Читать книгу Живая, мертвая, соленая, – в банках и ведрах. повести и рассказы (Роман Сергеевич Алексеев) онлайн бесплатно на Bookz (4-ая страница книги)
Живая, мертвая, соленая, – в банках и ведрах. повести и рассказы
Живая, мертвая, соленая, – в банках и ведрах. повести и рассказы
Оценить:

4

Полная версия:

Живая, мертвая, соленая, – в банках и ведрах. повести и рассказы

— Скучно! — вдруг рявкнул Карасёв, швыряя обглоданную баранью кость за борт. Всплеск был едва слышен. — Тоска зелёная, анафемская! Деньги есть, водка есть, а на душе — пусто! Пустота, Прохор! Эй! Где наши цыгане? Где мои цыгане-то? Музыки! Пляски! Зови, я сказал!

Бубенцов, не вставая, поднёс ко рту два грязных, жёлтых от табака пальца и издал пронзительный, раздирающий уши свист, который на мгновение перебил даже гул солнца.

И они явились.

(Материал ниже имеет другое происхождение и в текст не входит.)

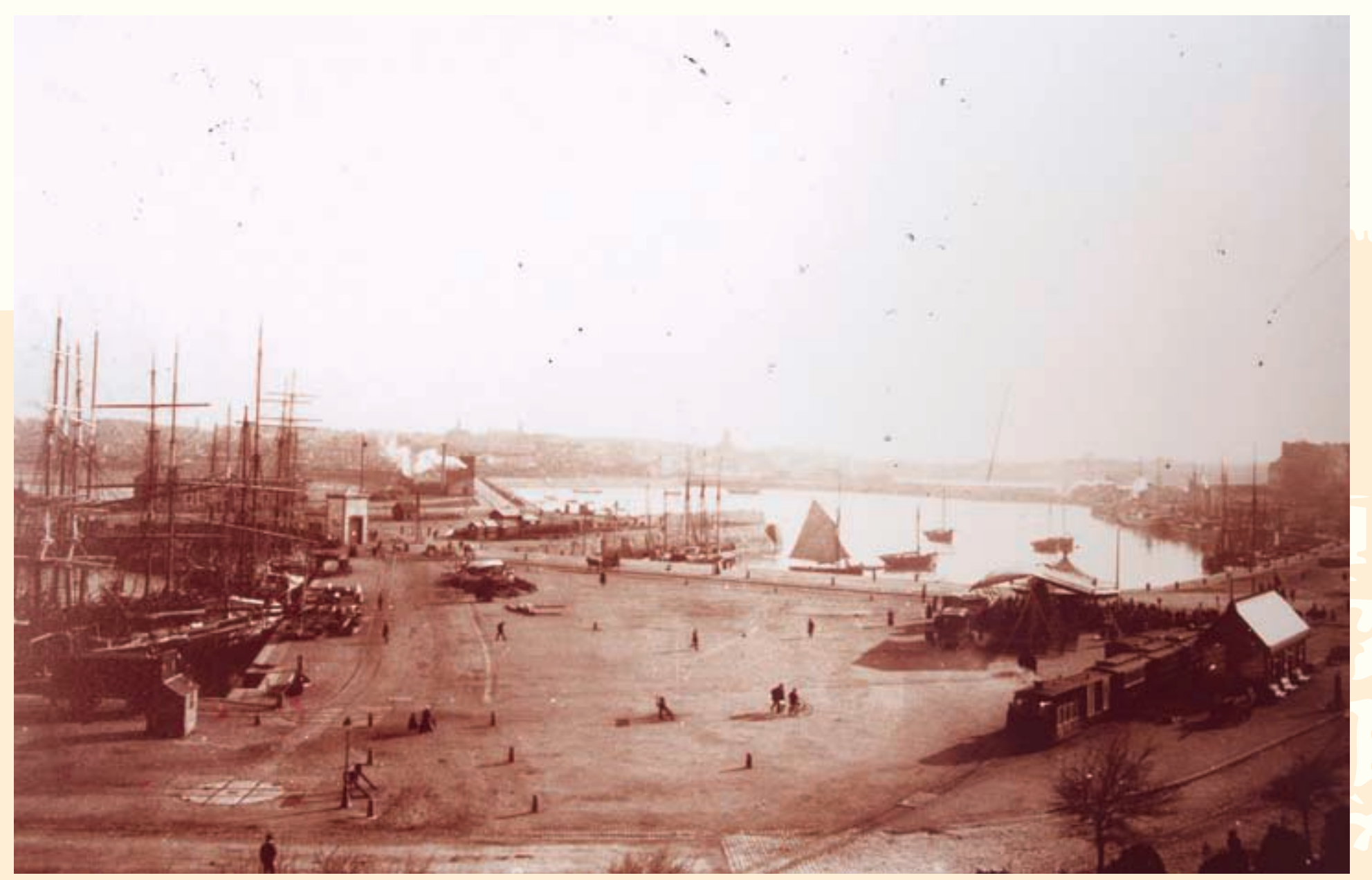
Saint-Malo, vue sur les bassins prise du château. Photographie, vers 1900, MSM.
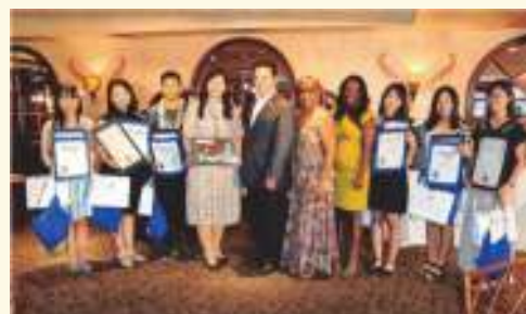
平成29年度青少年海外派遣団員と アルバート・ロブレス カーソン市長 (さよならパーティ)

カーソン市と草加市の交流は、青少年相互派遣を中心に進められてきました。第1回草加市青少年海外派遣団11名が1981(昭和56)年にカーソン市を訪問。以降、37年間にわたり、青少年の派遣が15回・受入が14回行われ、ホームステイを通して、お互いの文化、習慣、教育などに関する相互理解を深めてきました。
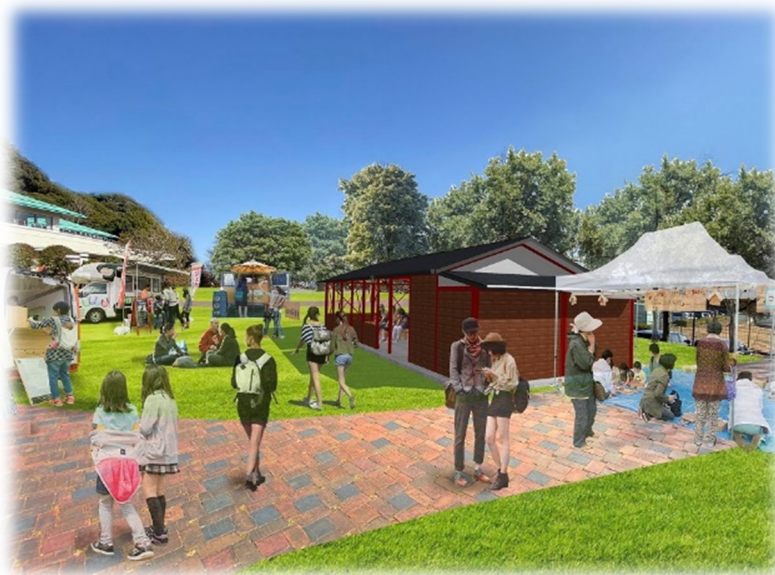
アニアニまる前の広場

新しく生まれ変わった赤塚山公園を皆様にお披露目できるよう、安全に工事を進めてまいりますので、令和5年度の開園30周年まで、お待ちください。

Словно материализовались из дрожащего марева над водой, из самого нутра парохода, из-за груды ящиков с алебастром и пахнущих кожей тюков. Пятеро. Смуглые, молчаливые, в ярких, выцветших на солнце, потёртых на сгибах рубахах. Впереди — Яшка. Гитарист. Высокий, сухой, жилистый. Лицо скуластое, жёсткое, разбойничье, испещрённое тенями, которые казались глубже, чем были на самом деле. Но глаза… глаза были большие, миндалевидные, тёмные, почти чёрные. В них была глубокая, неизбывная печаль, как у усталого, много повидавшего ангела. Пальцы его, длинные, цепкие, с утолщёнными подушечками, уже лежали на грифе гитары, будто никогда с него и не сходили, были его естественным продолжением.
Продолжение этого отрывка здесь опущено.